FIG. 8 (a) Log-log graph of mass of the clusters M rescaled by the average particle mass < m > versus the radius of gyration of the clusters rescaled by the average particle radius < r > for ballistic coalescence initial particle distributions. There are two distinct zones in this graph. Below Rg/〈 r 〉 = 1 the clusters are compact (dimers, trimers, and other small non-fractal clusters) and yield an exponent of D _f = 3. Above this value of Rg/〈 r〉, the straight line fit to the data yields D _f = 1.7± 0.1. (b) Same as in 8 (a) except for diffusive coalescence initial particle distributions. As before, there are two distinct zones in this graph. Below Rg/〈 r〉 = 1 the clusters are compact (dimers, trimers, and other small non-fractal clusters) and yield an exponent of D _f = 3. Beyond this value of Rg/〈 r〉, the straight line fit to the data yields D _f = 1.7± 0.1.

Figure 7 shows log-log plots of average radius of gyration of clusters 〈Rg〉 versus time t in for mono-disperse DLCA and DLCA with poly-disperse distributions originating from both ballistic and diffusive coalescence. The straight line part for all three curves yield an exponent of ν = 0.55. Note that the radius of gyration of the clusters are smaller when DLCA process starts with a poly-disperse distribution.

FIG. 7 Log-log plots of average radius of gyration of clusters < R _g > versus time t for mono-disperse DLCA and DLCA with poly-disperse distributions originating from both ballistic and diffusive coalescence. The straight line part for all three curves yield an exponent of υ = 0.55.

Next we study the fractal dimension of the clusters formed in the DLCA process. In Figure 8a and Figure 8b, we show log-log graph of mass of the clusters M at various times rescaled by the average particle mass versus the radius of gyration of the clusters (R _g ) rescaled by the average particle radius for both ballistic and diffusive coalescence initial particle distributions, respectively. There are two distinct zones in this graph. Below R _g /< r > = 1 the clusters are compact (dimers, trimers, and other small non-fractal clusters) and yield an exponent of D _f = 3. For R _g /< r > > 1, the straight line fit to the data yields D _f = 1.7± 0.1 in each case. The prefactor k ₀ obtained from this study (k ₀ = 1.5± 0.1) is consistent with previous simulation studies (Sorensen and Roberts 1997; Oh and Sorensen 1997b; Pierce et al. 2006) of DLCA aggregation in both lattice and off-lattice geometries.

The scaling form for both DLCA with ballistic and diffusive coalescence is shown in Figure 9. The scaling function ϕ (x) = x ^{− λ} e ^{− α x} with α = 1 − λ and for DLCA a homogeneity of λ = 0 was plotted with the mass distribution data and shows excellent agreement.

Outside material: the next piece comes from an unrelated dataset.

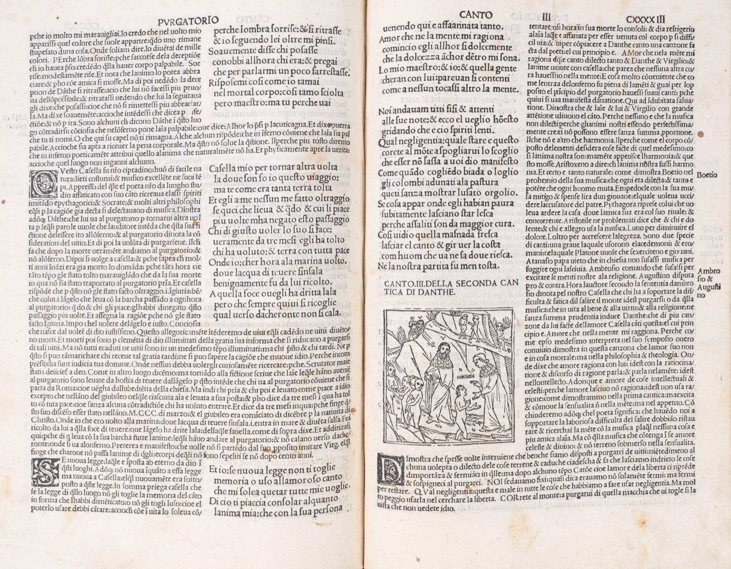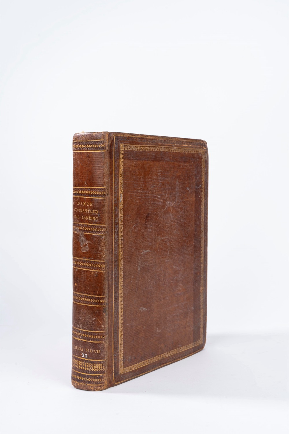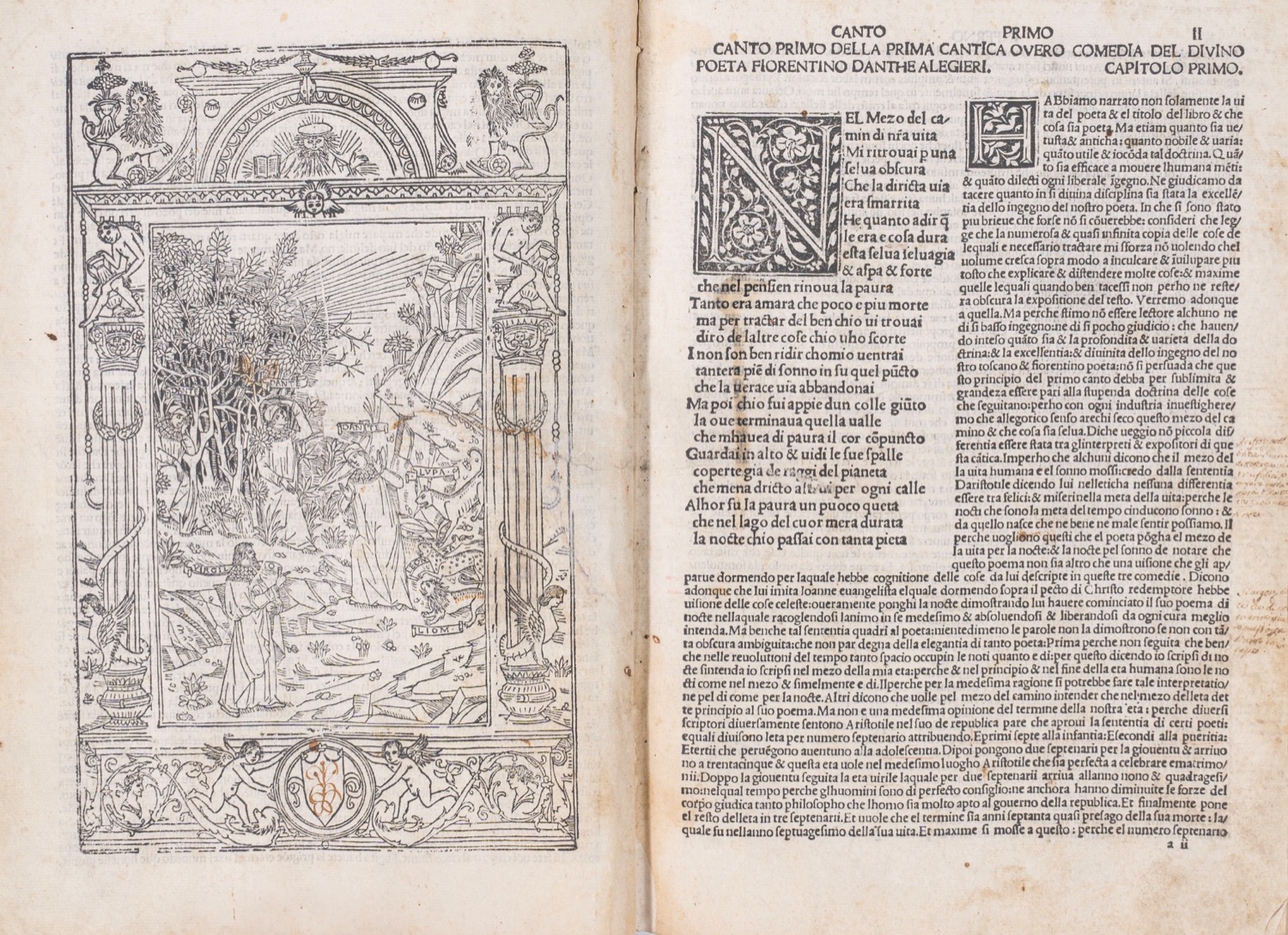 Venezia, per Bartholomeo de Zanni da Portese, 1507 adi XVII de zugno. In 2°. Superbamente illustrato con una splendida xilografia a piena pagina entro una bordura istoriata in apertura dell'Inferno e 99 xilografie più piccole nel testo, attribuite al Maestro del Pico Plinio, numerose iniziali xilografiche in bianco e nero di varie dimensioni, prima carta facsimilata, le seguenti 5 coi margini rifatti, marginali bruniture, legatura del sec.XIX con piatti decorati in oro, sciupata. Postillato.Venezia, per Bartholomeo de Zanni da Portese, 1507 adi XVII de zugno. In 2°. Superbamente illustrato con una splendida xilografia a piena pagina entro una bordura istoriata in apertura dell'Inferno e 99 xilografie più piccole nel testo, attribuite al Maestro del Pico Plinio, numerose iniziali xilografiche in bianco e nero di varie dimensioni, prima carta facsimilata, le seguenti 5 coi margini rifatti, marginali bruniture, legatura del sec.XIX con piatti decorati in oro, sciupata. Postillato.

FIG. 9 Scaling of DLCA with ballistic and diffusive monomer mass distributions. Scaling function is ϕ (x) = x ^{− λ} e ^{− α x} with λ = 0 agrees well with the data.

V. SUMMARY AND CONCLUSIONS

In summary, we have carried out computer simulation of aggregation in a system where during the aggregation process, particles coalesce at first and then subsequently these coalesced clusters stop coalescing and form ramified, fractal aggregates. In the coalescence stage, particles move either ballistically or diffusively up to a certain time t _D . Next these coalesced clusters move diffusively and aggregate to form ramified aggregates.

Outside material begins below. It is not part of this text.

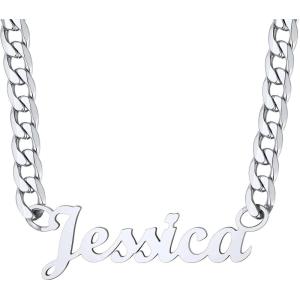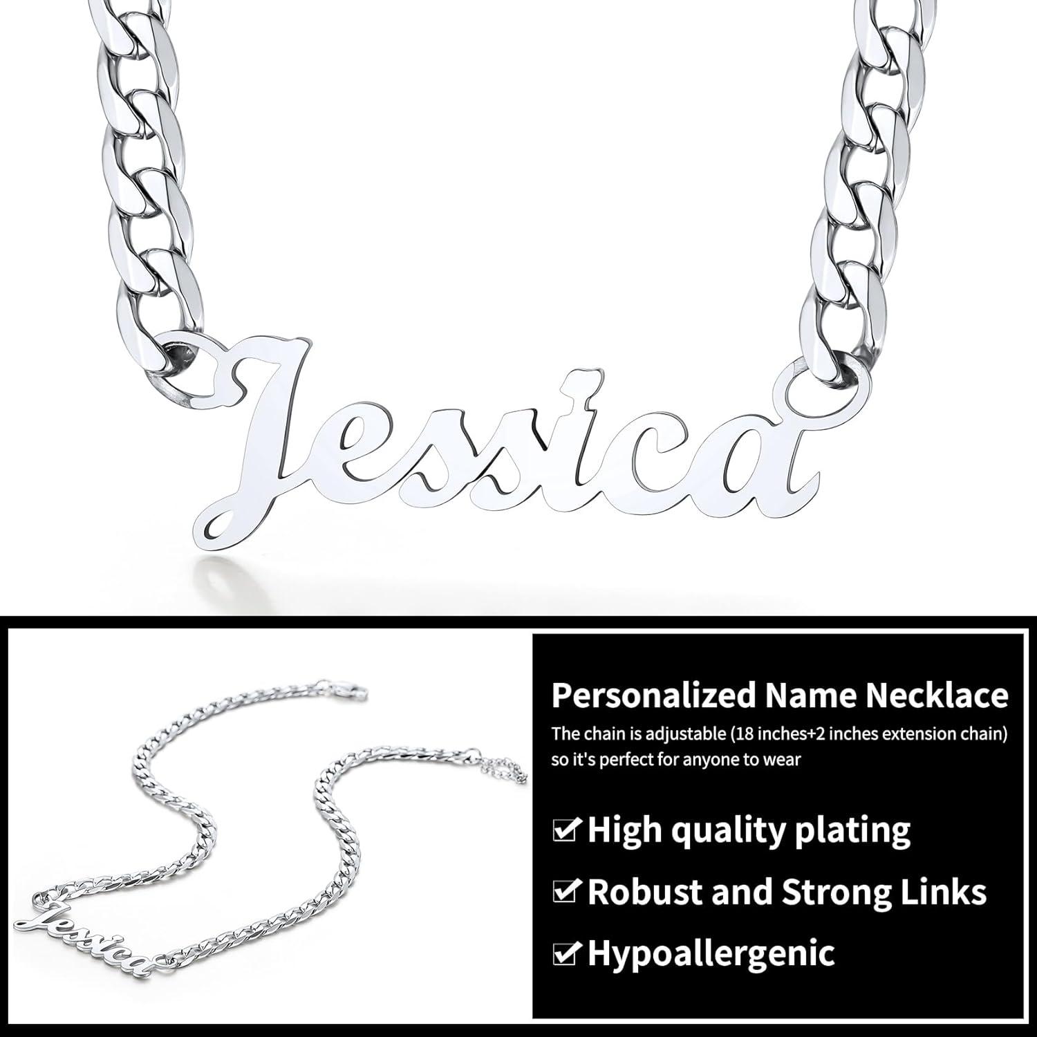 ChainsHouse Personalized Name Necklace Custom Engraved Nameplate for Men/Women, 18″+5cm Adjustable Cuban Chain, Stainless Steel/Gold/Black Plated Dainty Jewelry Gift for Birthday/Anniversary(A: Cuban Chain-Steel)
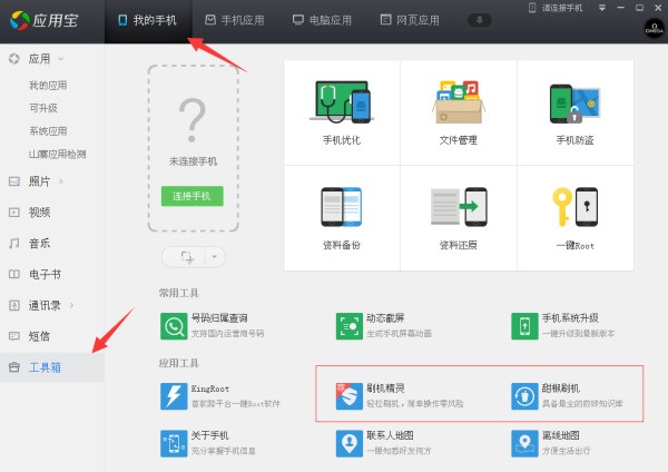 你可以先裝個騰訊手機管家,通過該軟件正常連接電腦后通過工具箱內的刷機工具即可完成刷機管理。

We have found the kinetic exponent z in the coalescence stage depends on the type of cluster motion (ballistic or diffusive). Results for z in each case are in agreement with a scaling description developed by us. However, once the system moves over to the DLCA stage, one recovers pure DLCA results for both the kinetic exponent and the fractal dimension of the ramified clusters. Thus the coalescence induced polydispersity of the primary particles for the DLCA stage does not affect the DLCA stage outcomes.

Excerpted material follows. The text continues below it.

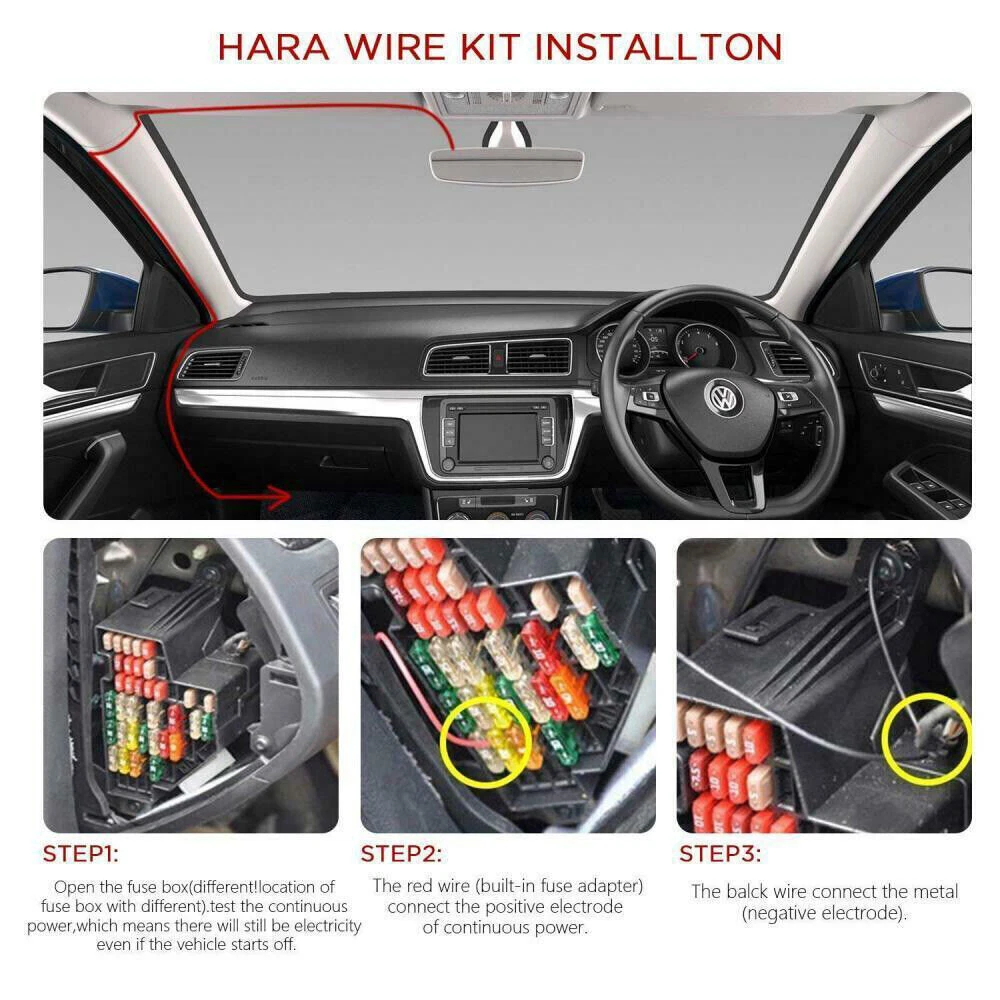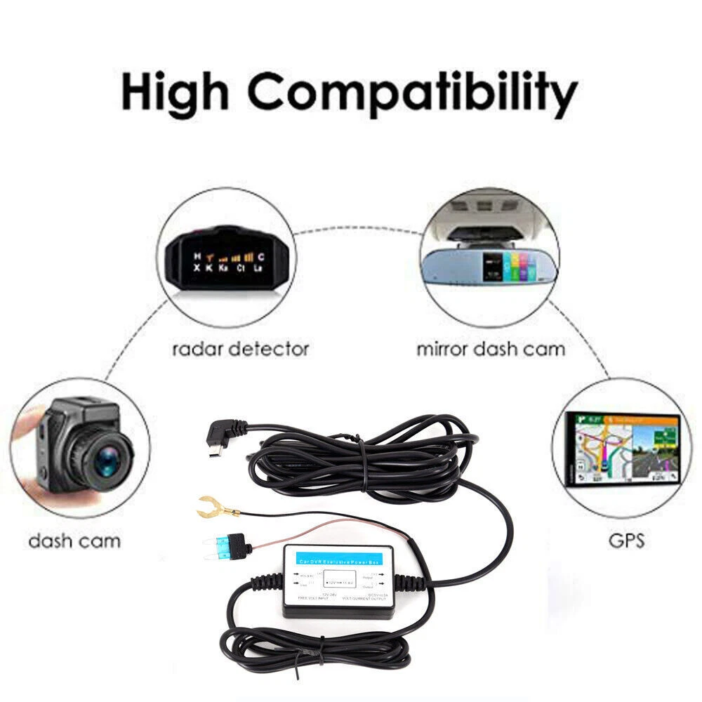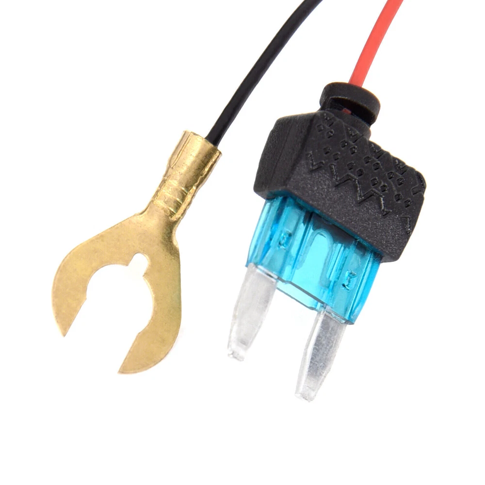 Extra Advantage Compatible with 12-24Vdc for car or truck installations. Perfect for 24/7 Parking Surveillance. Low voltage protection protects against battery dying. Works for almost all car micro USB device, such as dash cam、mirror cam、GPS navigator and radar detector No need for cable from car cigarette lighter socket, replace it with a permanent hidden cable Less static when you’re listening to the radio. Installation in minutes with little to no expertise required. 3.5 meter power cable included. The micro USB hardwire kit with built-in precise switching power supply module can transform 12V(24V) to 5V. The built-in safeguards protect your devices against overheating. Safety Notes Pertorm the installation with the ignition in the OFF position. Do not strip any live wires. Correct electnical polarity and grounding is required for safe and proper installation. Only connect to a negative ground DC supply circuit. Not for installation to positive ground circuits. Technical Details Connector: Micro USB Connector Input Voltage: DC 12V-24V Output Voltage: 5V Output Current: 2A Working Temperature:-40~ 160 Degree F Cable Length: 3.5M Low Voltage Protection: 11.4V for 12V vehicle; 23.5V for 24V vehicle Insert the 2 fuse in the correct position The supplied 5 Amp fuse MUST be placed in the uppermost socket, as shown above. In line with the red cable. The original fuse is to replaced in to the lower socket. Failure to do so will change the protection of the original circuit within the vehicle. Whilst this will not cause any damae to the vehicle,the lower 5 Amp fuse may above. Installation Instruction Installation - Step 1: Connect the supplied "fuse tap cable" to the vehicles fuse box. Installation - Step 2: Installing the "Car Power Cable". 2.1 Installation of the camera power cable needs careful planning for the cable run and the final position of the camera within the vehicle. 2.2 Starting from the camera end of the cable (with the mini USB) tuck the cable under the vehicle headlining, the "A" post trim and side panel trim until the cable exits towards the footwell. For detals instruction preocess please refer to our user manual in the package. If in any doubt, please ask a vehicle technician prior for help.

The polydispersity of the coalesced clusters is determined by the mean field aggregation kinetics. Thus both the primary particle kinetics of growth and size distribution in a fractal aggregate could be used as indicator of a previous regime of particle-particle aggregation with coalescence and thereby distinguished from other mechanisms of primary particle formation such as nucleation and surface growth.

This work is supported by a Targeted Excellence grant from Kansas State University.